=== Exercise ===
Your job is to print, exactly, the lines in the data below from the line with "- 型號名稱雙控款浴霸+高端方燈+高端長燈+遙控涼霸" through the line with "SHR601: This 4x7", both included, and to omit any picture.

Data items:

#####

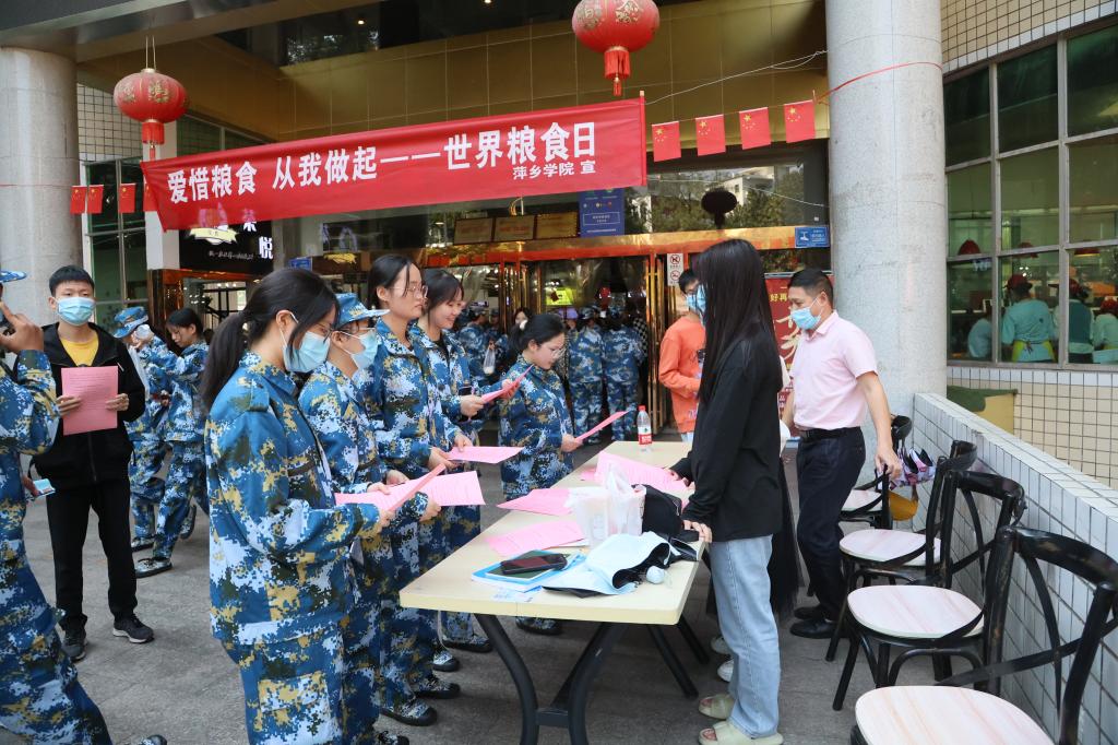 我校在一食堂门口开展2022年世界粮食日和全国粮食安全宣传周活动。校党委委员、副校长刘卫林莅临活动现场指导。宣传周活动由后勤处主办。
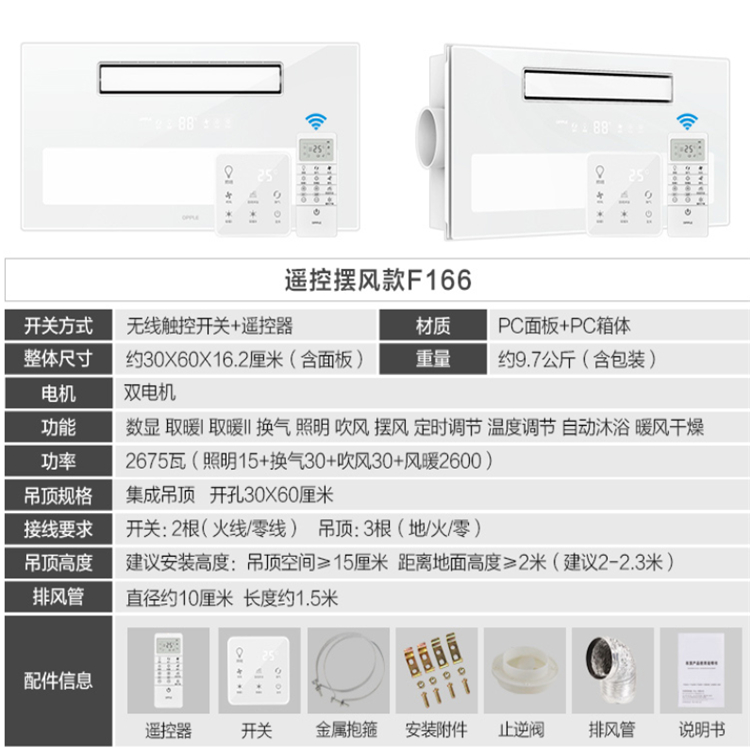 - 型號名稱雙控款浴霸+高端方燈+高端長燈+遙控涼霸
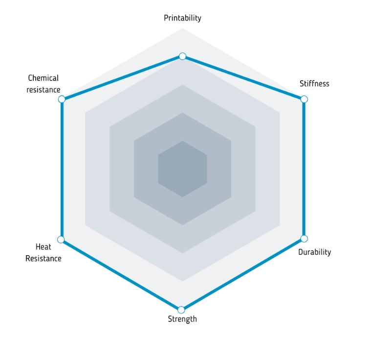 Caracteriza-se por alta resistência térmica e menos encolhimento em comparação com o Nylon PA12 não modificado.
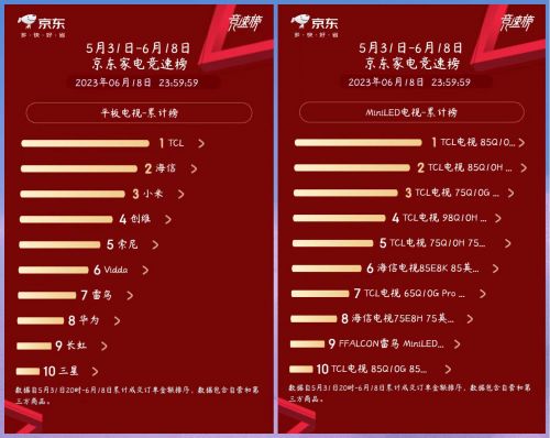 TCL屠榜618,包揽榜单前五名,海信、索尼尽显颓势
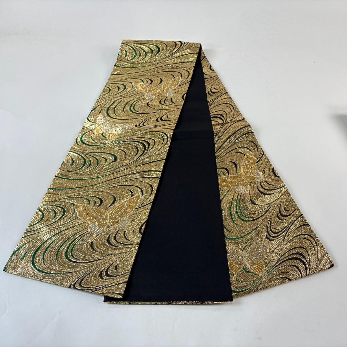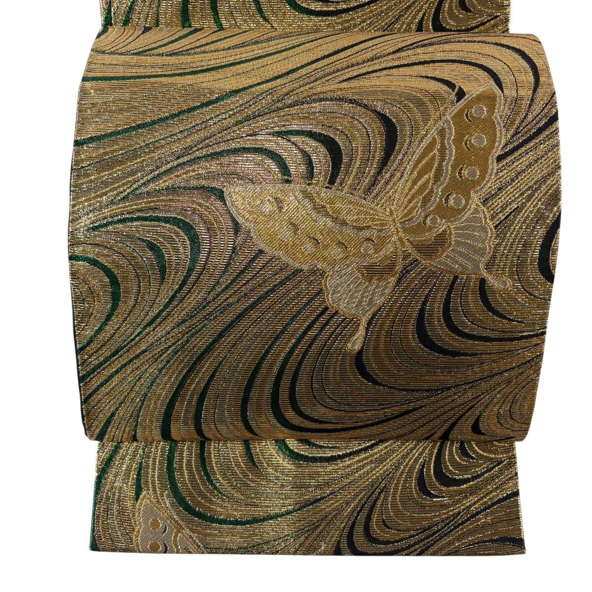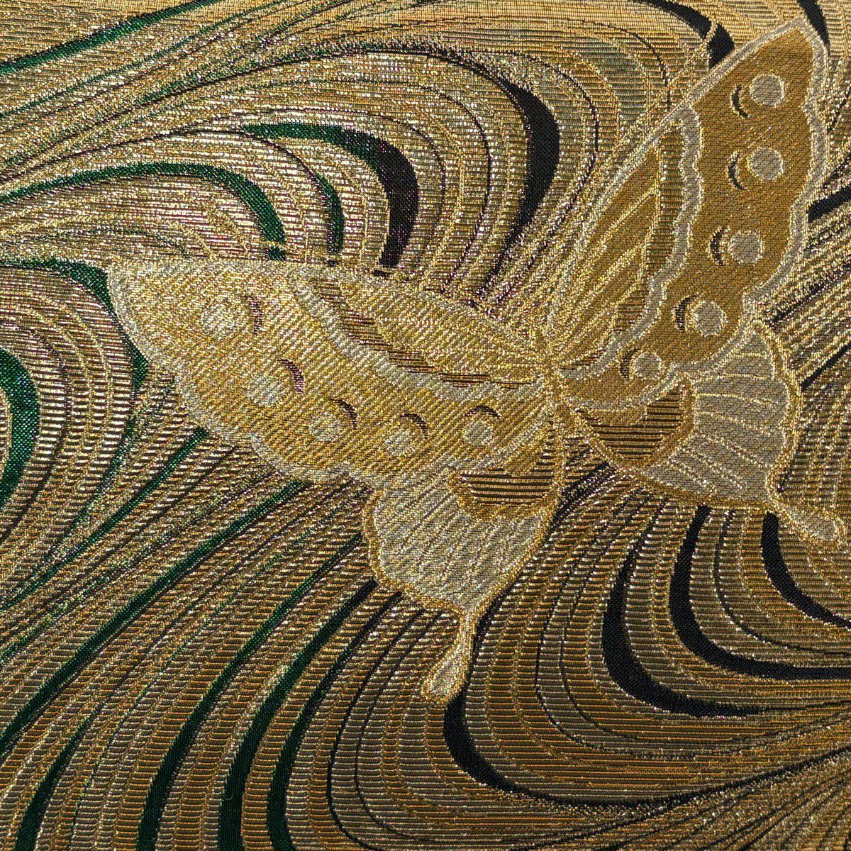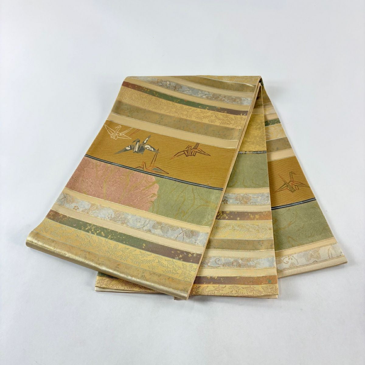【美品】 袋帯 秀品 段縞 折り鶴 螺鈿箔 金彩 金色 お太鼓柄 正絹
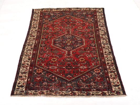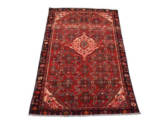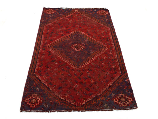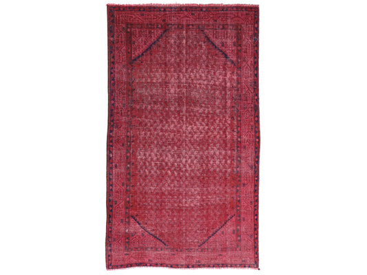 SHR601: This 4x7 handmade Turkish vintage rug from 1970 features a softly faded raspberry field...
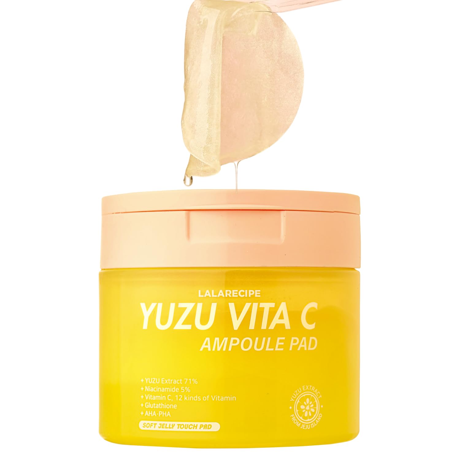 LALARECIPE Yuzu Vitamin C Toner Pads 71% Yuzu Extract with 5% Niacinamide & 12 Vitamins Exfoliating with Glutathione AHA PHA For All Skin Types Korean Skin Care 80 Pads (5.07 Fl Oz)
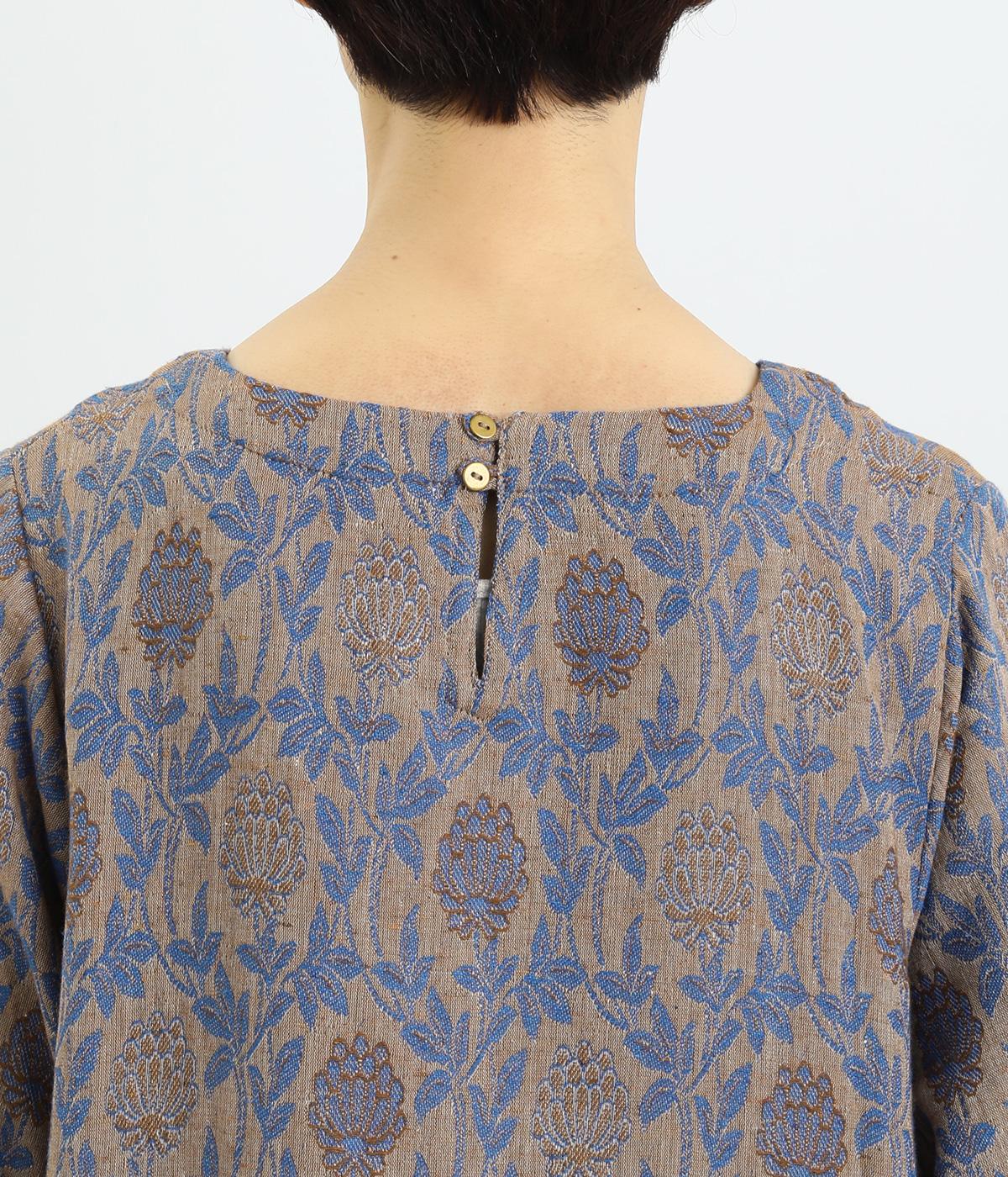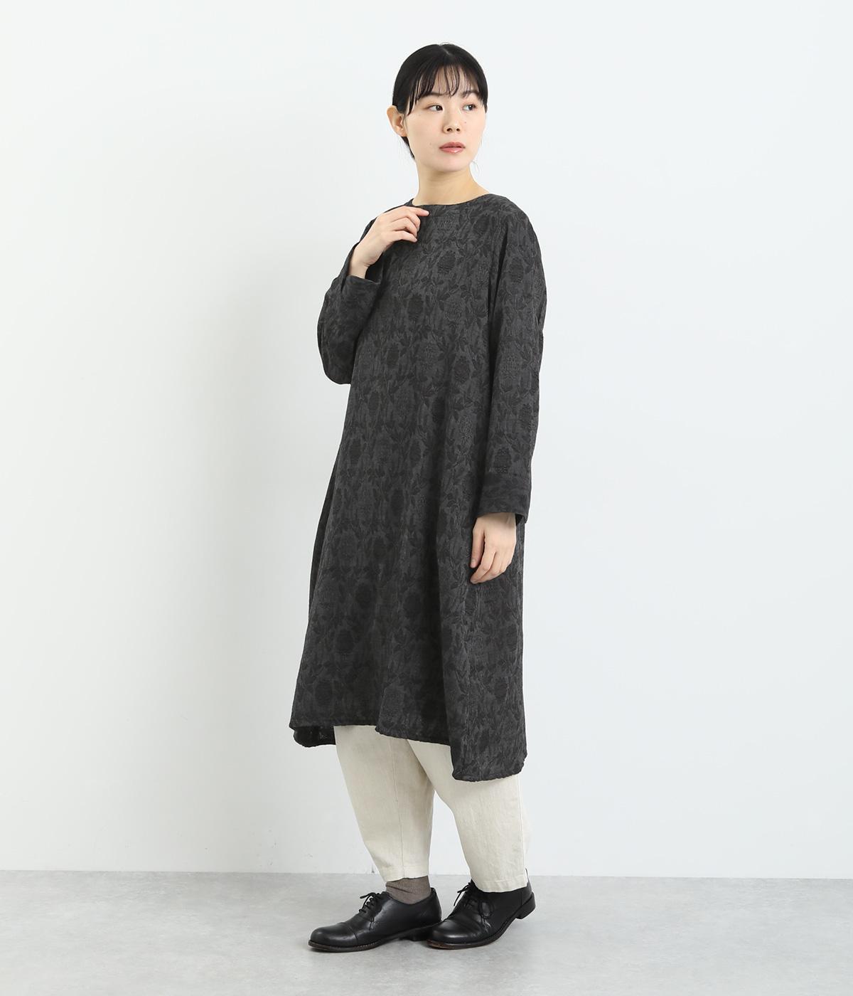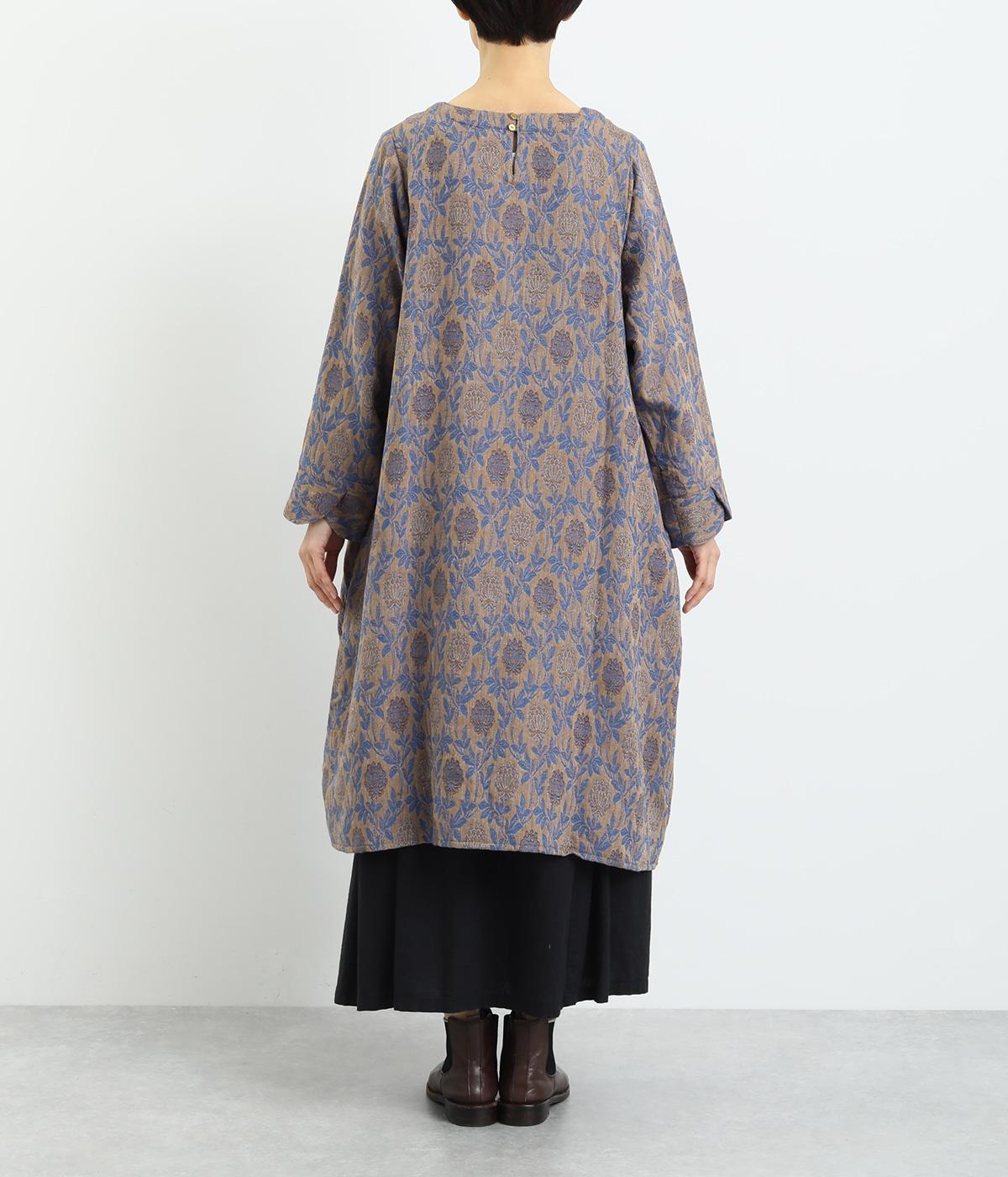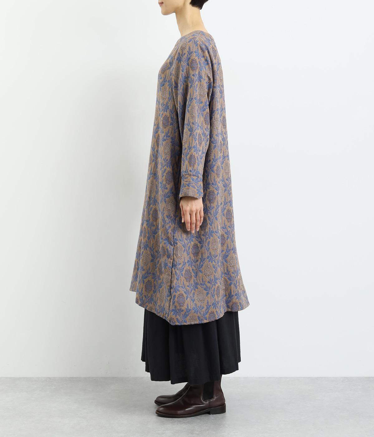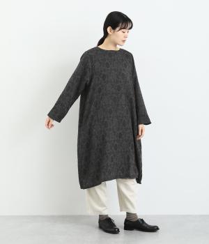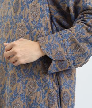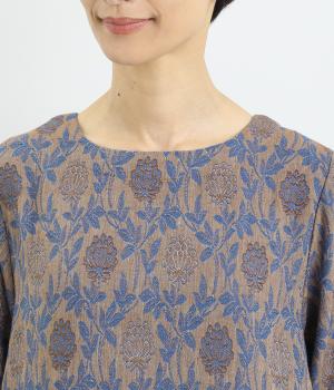 心地よい厚さでぬくもりを感じさせるコットンジャガードは肌ざわりもなめらか。品のある光沢感は女性らしさを感じさせます。ふくらみのある素材で花模様を表現しています。
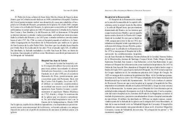 refuerza al Hospital de la Resurrección como institución hospitalaria. En 1615 la
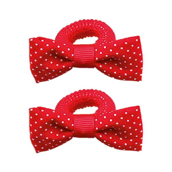 Набор из двух плотных махровых резинок с симпатичным бантиком в мелкий горошек.

#####

=== Response to the task ===
 - 型號名稱雙控款浴霸+高端方燈+高端長燈+遙控涼霸
 Caracteriza-se por alta resistência térmica e menos encolhimento em comparação com o Nylon PA12 não modificado.
 TCL屠榜618,包揽榜单前五名,海信、索尼尽显颓势
【美品】 袋帯 秀品 段縞 折り鶴 螺鈿箔 金彩 金色 お太鼓柄 正絹
 SHR601: This 4x7 handmade Turkish vintage rug from 1970 features a softly faded raspberry field...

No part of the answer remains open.